• _Assigned task_
All of the data that follows should be given again exactly, without its images.

*** Data in this exercise ***

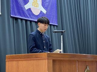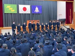 3学期始業式・表彰式が行われました。生徒代表スピーチでは、2学期の反省を踏まえて、3学期の抱負について語りました。特に3年生は、4月からの進学や就職に向けて、より一層気を引き締めている様子が見られました。
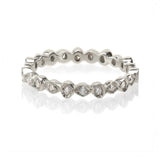 Handcrafted in rose gold, this vintage inspired scallop design has pave diamonds surrounding it. Beautiful on its own or paired with your engagement ring.
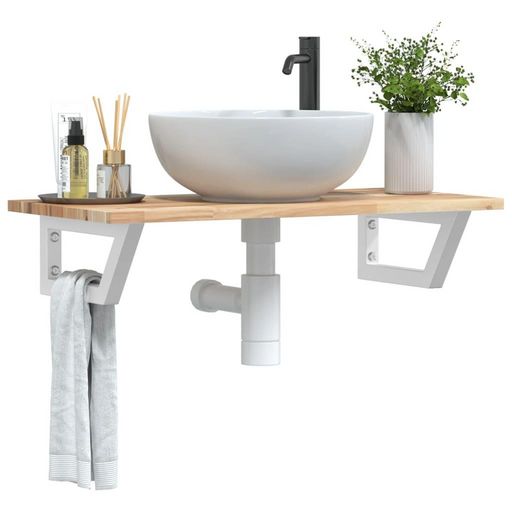 L'etagere murale pour vasque se fixe solidement au mur, offrant une solution elegante et peu encombrante pour votre salle de bains. Robuste et durable : cette etagere de lavabo est associee a une structure en acier et a un plateau en bois massif d'acacia, ce qui la rend robuste, stable et durable.Ga
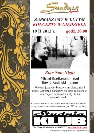 Wieczr jazzowo- blusowy: na piano, gos i gitar. Zabrzmi standardy, piosenki rockowe w aranacjach na bkitn nut i kilka niespodzianek
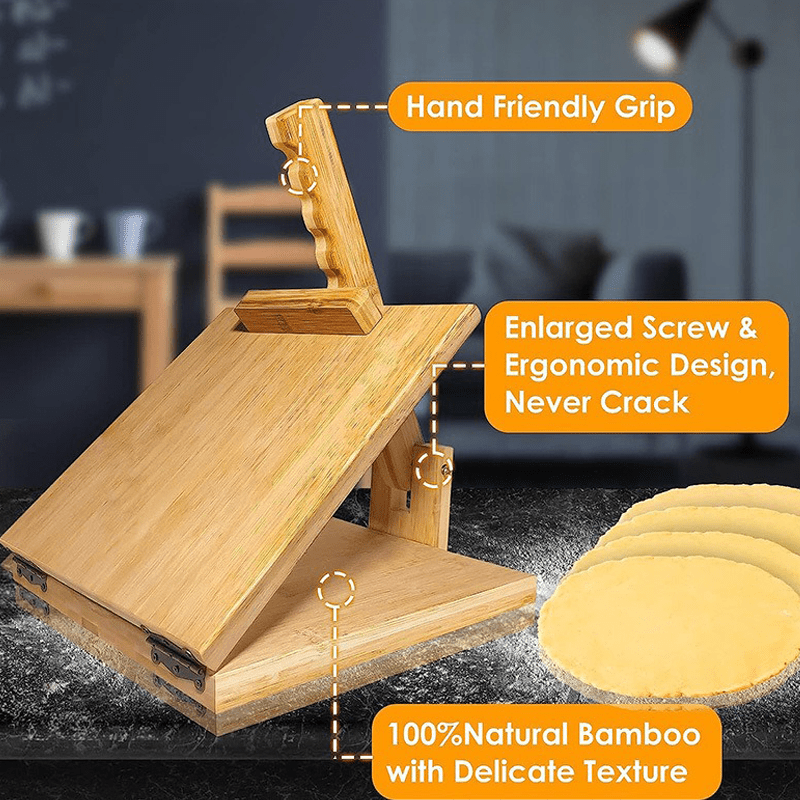 Manual Bamboo Tortilla Press and Rolling Pin for Tacos and Pancakes
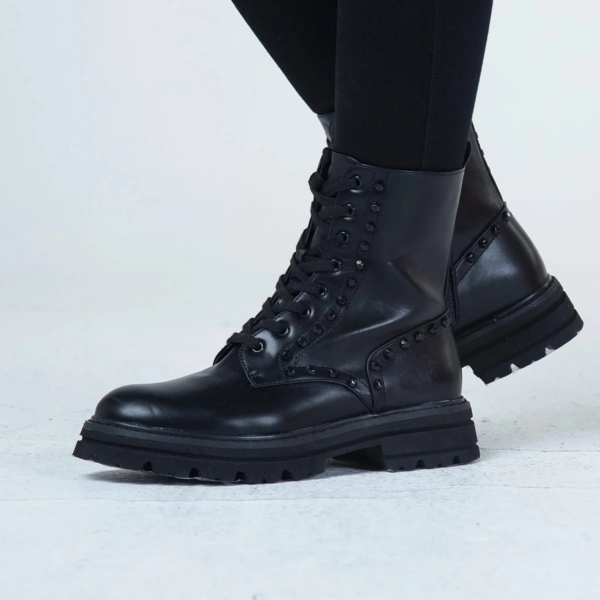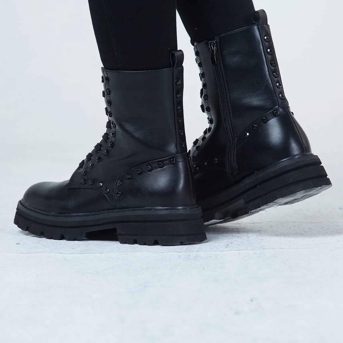 Bota militar Sadie son la combinación perfecta entre estilo y comodidad. Cierre de cordones y cremalleras lateral te permitirá ajustarlas a tu medida, ponértelas y quitártelas fácilmente. Estas botas están fabricadas con materiales sintéticos de alta calidad, lo que las hace duraderas y resistentes al uso diario.
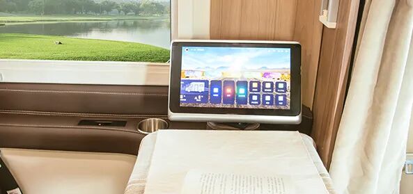驾驶舱上方设有一台22吋网络电视,搭配生活区4个JBL扬声器,可为用户带来全方位的视听娱乐享受。
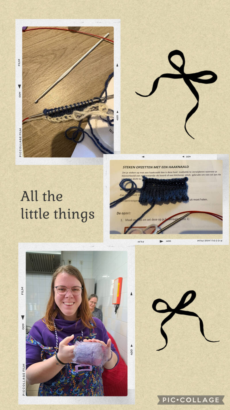 Op zaterdag begonnen de workshops. Ik mocht beginnen bij Bregina Tuinstra. Daar leerde we een nieuwe opzet techniek voor het breien. Dit was echt grappig, want je ging met behulp van je haaknaald steken op je breinaald opzetten.
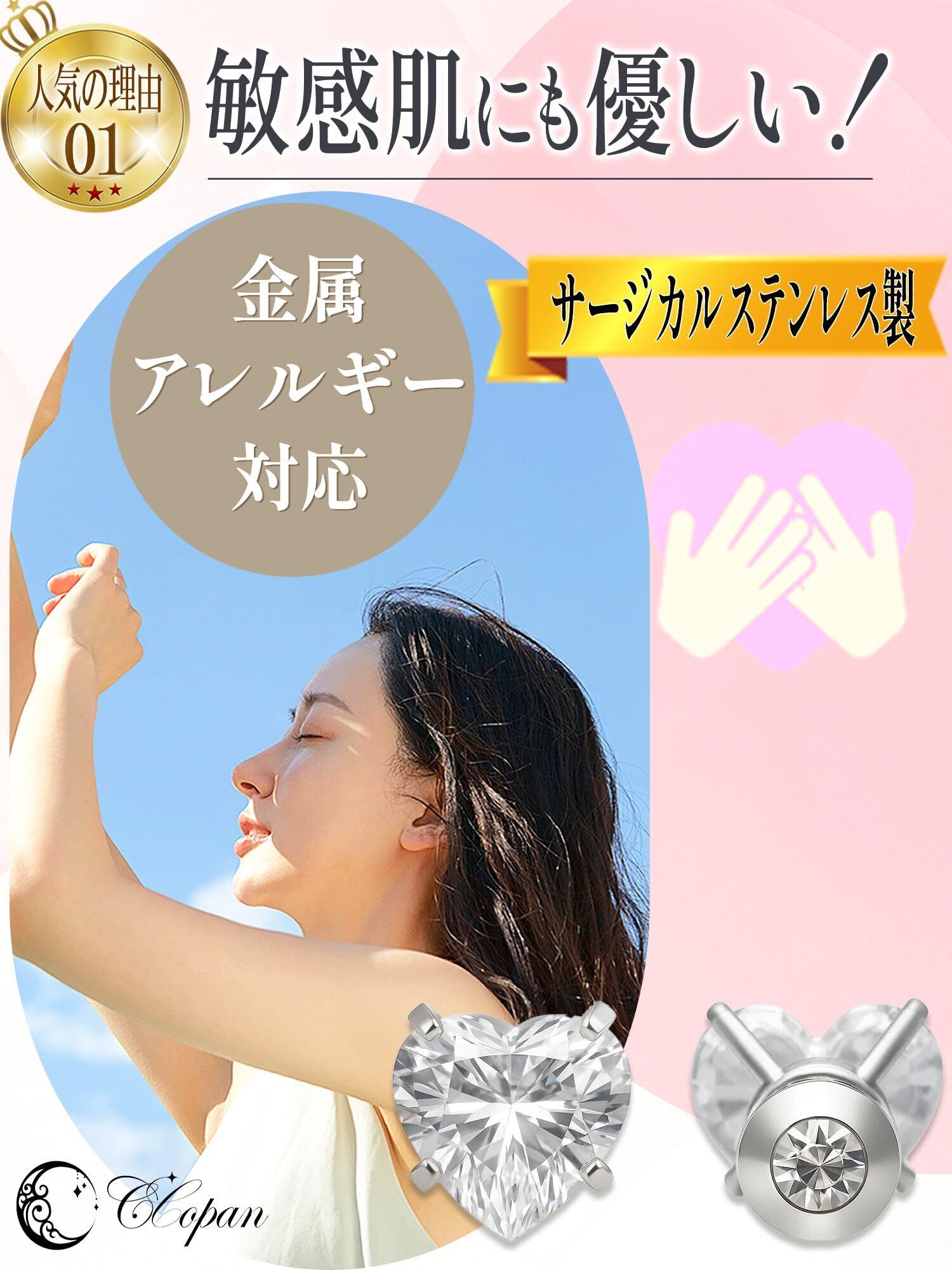 【つけっぱなし/金アレ対応】 CCopan ハート ピアス つけっぱなし 金属アレルギー対応 ファーストピアス セカンドピアス サージカルステンレス メンズ レディース ネジ式 両耳 2個セット
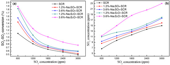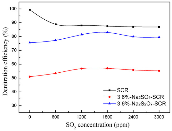 The influence of SO2 concentration on the denitration efficiency of different catalysts is shown in Figure 4. The denitration efficiency of pure catalysts remains approximately constant after initially decreasing from 99.33% to 88%. The 3.6% Na2SO4 and Na2S2O7 poisoned catalysts initially increase before decreasing and then plateauing. The denitration efficiencies (when SO2 concentration is 1800 ppm) of catalysts poisoned with 3.6% Na2SO4 and 3.6% Na2S2O7 reach maximum values of 57.03% and 82.95%, respectively. Wu et al. [32] examined pure catalysts after the introduction of SO2 and found that a large amount of Lewis acid sites on the catalyst surface were covered by ammonium sulfate. This weakened the adsorption of NH3 and NO by the catalyst. Anstrom et al. [33] and Zhu et al. [34] suggested that due to the addition of SO2, NO, and SO2 competed for adsorption on the catalyst surface. This would explain why the adsorption amount of NO was reduced and the denitration efficiency was lowered. For catalysts poisoned with Na salts, Hu et al. [20] concluded that the anions from the sodium salt provided more acidic sites and V–O–S bonds. This was found to promote the catalytic oxidation of SO2 and enhance the adsorption capacity of NH3. Consequently, the denitration efficiency improved. The amount of acid sites on the catalyst surface began to decrease when the concentration of SO2 in the flue gas was increased to a certain extent. The adsorption of SO2 on V2O5 resulted in the formation of an intermediate structure, namely VOSO4. This then reduced the V5+ concentration for the SCR reaction, which caused the denitration efficiency to decrease.
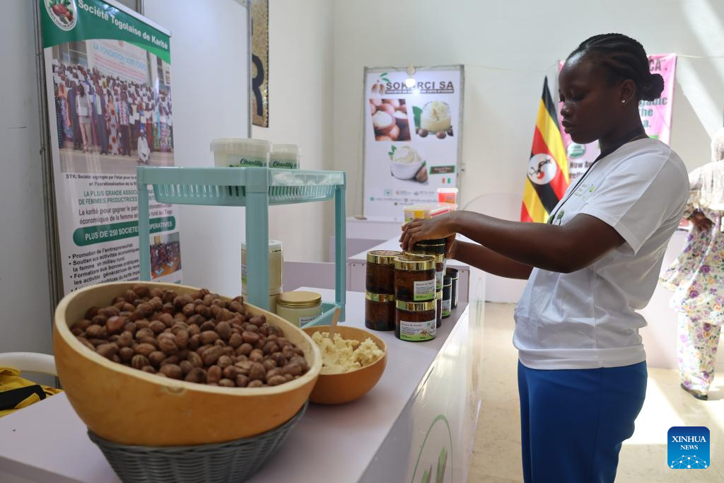 An exhibitor displays shea products at the Shea 2026 conference in Accra, Ghana, April 28, 2026. (Photo by Seth/Xinhua)
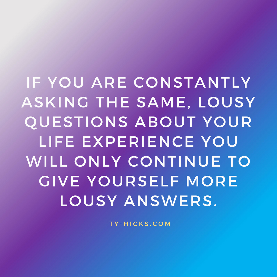 Their importance cannot be understated, and unless you learn how to consciously ask questions that will serve you, your mind will default to asking plenty of ones that don't.
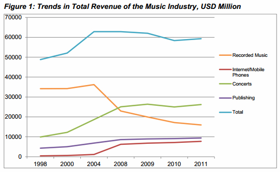 Considering the years in which online piracy became popular, there's even evidence to suggest the illegal downloads gave the music industry a boost. Some of the confusion comes from the drastic decline of CD and vinyl sales, which was predicted independently of piracy due to the crushing wheel of progress, in this case digital recordings. But the increase in online sales and concerts more than makes up the loss.
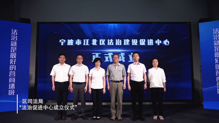 浙大宁波理工学院是本次活动的高校合作单位,我院金彭年教授、韩缨副教授、董玉鹏副教授受邀参会。金彭年教授与江北区司法局领导共同完成了“江北区法治促进中心”成立仪式。
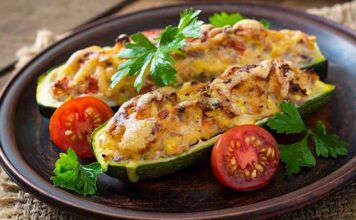 Κολοκυθάκια γεμιστά με κοτόπουλο και τυρί στον φούρνο – Με χρυσαφένια κρούστα
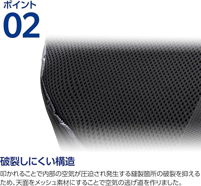 天面部がメッシュ構造で空気抜けが良く、空気圧による縫製破裂がしにくい構造です。

*** End of Data in this exercise ***

• _Solution_
 3学期始業式・表彰式が行われました。生徒代表スピーチでは、2学期の反省を踏まえて、3学期の抱負について語りました。特に3年生は、4月からの進学や就職に向けて、より一層気を引き締めている様子が見られました。
 Handcrafted in rose gold, this vintage inspired scallop design has pave diamonds surrounding it. Beautiful on its own or paired with your engagement ring.
 L'etagere murale pour vasque se fixe solidement au mur, offrant une solution elegante et peu encombrante pour votre salle de bains. Robuste et durable : cette etagere de lavabo est associee a une structure en acier et a un plateau en bois massif d'acacia, ce qui la rend robuste, stable et durable.Ga
 Wieczr jazzowo- blusowy: na piano, gos i gitar. Zabrzmi standardy, piosenki rockowe w aranacjach na bkitn nut i kilka niespodzianek
 Manual Bamboo Tortilla Press and Rolling Pin for Tacos and Pancakes
 Bota militar Sadie son la combinación perfecta entre estilo y comodidad. Cierre de cordones y cremalleras lateral te permitirá ajustarlas a tu medida, ponértelas y quitártelas fácilmente. Estas botas están fabricadas con materiales sintéticos de alta calidad, lo que las hace duraderas y resistentes al uso diario.
驾驶舱上方设有一台22吋网络电视,搭配生活区4个JBL扬声器,可为用户带来全方位的视听娱乐享受。
 Op zaterdag begonnen de workshops. Ik mocht beginnen bij Bregina Tuinstra. Daar leerde we een nieuwe opzet techniek voor het breien. Dit was echt grappig, want je ging met behulp van je haaknaald steken op je breinaald opzetten.
 【つけっぱなし/金アレ対応】 CCopan ハート ピアス つけっぱなし 金属アレルギー対応 ファーストピアス セカンドピアス サージカルステンレス メンズ レディース ネジ式 両耳 2個セット
 The influence of SO2 concentration on the denitration efficiency of different catalysts is shown in Figure 4. The denitration efficiency of pure catalysts remains approximately constant after initially decreasing from 99.33% to 88%. The 3.6% Na2SO4 and Na2S2O7 poisoned catalysts initially increase before decreasing and then plateauing. The denitration efficiencies (when SO2 concentration is 1800 ppm) of catalysts poisoned with 3.6% Na2SO4 and 3.6% Na2S2O7 reach maximum values of 57.03% and 82.95%, respectively. Wu et al. [32] examined pure catalysts after the introduction of SO2 and found that a large amount of Lewis acid sites on the catalyst surface were covered by ammonium sulfate. This weakened the adsorption of NH3 and NO by the catalyst. Anstrom et al. [33] and Zhu et al. [34] suggested that due to the addition of SO2, NO, and SO2 competed for adsorption on the catalyst surface. This would explain why the adsorption amount of NO was reduced and the denitration efficiency was lowered. For catalysts poisoned with Na salts, Hu et al. [20] concluded that the anions from the sodium salt provided more acidic sites and V–O–S bonds. This was found to promote the catalytic oxidation of SO2 and enhance the adsorption capacity of NH3. Consequently, the denitration efficiency improved. The amount of acid sites on the catalyst surface began to decrease when the concentration of SO2 in the flue gas was increased to a certain extent. The adsorption of SO2 on V2O5 resulted in the formation of an intermediate structure, namely VOSO4. This then reduced the V5+ concentration for the SCR reaction, which caused the denitration efficiency to decrease.
 An exhibitor displays shea products at the Shea 2026 conference in Accra, Ghana, April 28, 2026. (Photo by Seth/Xinhua)
 Their importance cannot be understated, and unless you learn how to consciously ask questions that will serve you, your mind will default to asking plenty of ones that don't.
 Considering the years in which online piracy became popular, there's even evidence to suggest the illegal downloads gave the music industry a boost. Some of the confusion comes from the drastic decline of CD and vinyl sales, which was predicted independently of piracy due to the crushing wheel of progress, in this case digital recordings. But the increase in online sales and concerts more than makes up the loss.
 浙大宁波理工学院是本次活动的高校合作单位,我院金彭年教授、韩缨副教授、董玉鹏副教授受邀参会。金彭年教授与江北区司法局领导共同完成了“江北区法治促进中心”成立仪式。
 Κολοκυθάκια γεμιστά με κοτόπουλο και τυρί στον φούρνο – Με χρυσαφένια κρούστα
 天面部がメッシュ構造で空気抜けが良く、空気圧による縫製破裂がしにくい構造です。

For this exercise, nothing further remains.